In conclusion, autism presents unique challenges like stimming and motor tics, which can help autistic individuals cope but may sometimes interfere with daily life. Social communication difficulties are also common and can be addressed through therapies like behavioral therapy and social skills groups. By understanding these challenges and using supportive strategies, we can help individuals with autism improve their social interactions and overall quality of life, enabling them to thrive in their way.

Frequently Asked Questions (FAQs)

1. What role does sensory sensitivity play in autism-related behaviors?

Sensory sensitivity is a hallmark of autism, influencing how individuals perceive and respond to sensory input like sounds, textures, or lights. It can contribute to stimming behaviors as a way to regulate overwhelming sensory experiences.

2. Are there specific therapies that help with both autism and tic disorders?

Behavioral therapies like habit reversal therapy can be effective for managing both autism-related behaviors and tic disorders. These therapies focus on identifying triggers, learning coping strategies, and improving social skills to reduce the impact of these behaviors on daily life.

3. What are some innovative approaches to teaching social skills to children with autism?

Techniques such as video modeling, social stories, and interactive apps designed for autism education can help teach social skills in a visual and structured way. These methods cater to different learning styles and encourage practical application in real-life situations.

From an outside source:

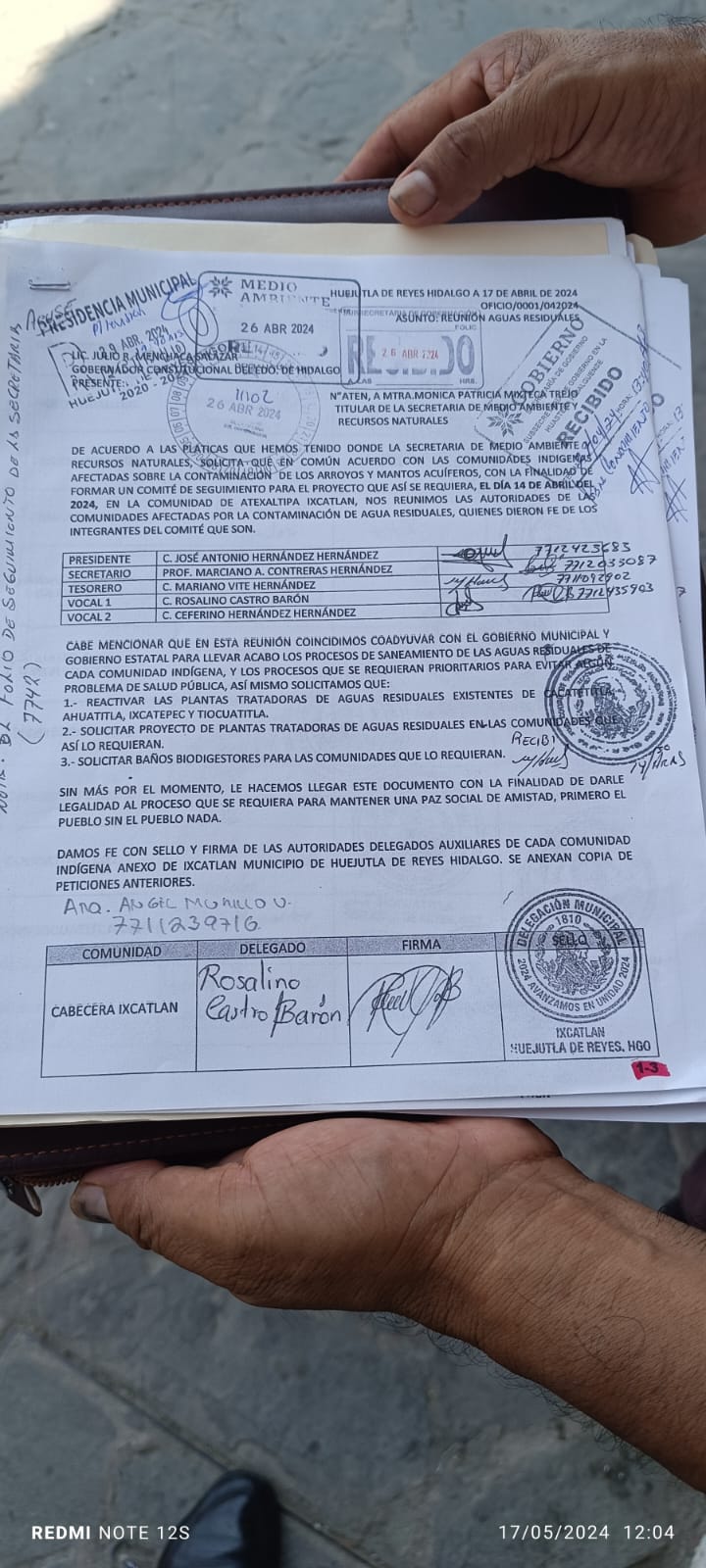 Concluyó que, en la zona de Ixcatlán se tiene un drenaje que no cuenta con una planta tratadora de aguas residuales, por ello; se pide al gobierno en turno que construyan una planta tratadora para que las aguas negras no afecten a las comunidades “hasta el momento no se tiene una respuesta de parte de la presidencia, pedimos que acudan para hacer una inspección ocular de la problemática”.

4. What are some misconceptions about autism-related behaviors, and how can they be addressed?

Misconceptions about stimming, echolalia, or social communication difficulties can lead to misunderstandings and stigma. Educating others about the diverse ways autism manifests and promoting acceptance can help create a more inclusive society for individuals on the spectrum.

5. How can families and caregivers best support individuals with autism in their daily lives?

Families and caregivers can support individuals with autism by fostering a structured routine, promoting clear communication, recognizing and respecting sensory sensitivities, and advocating for inclusive environments that embrace neurodiversity.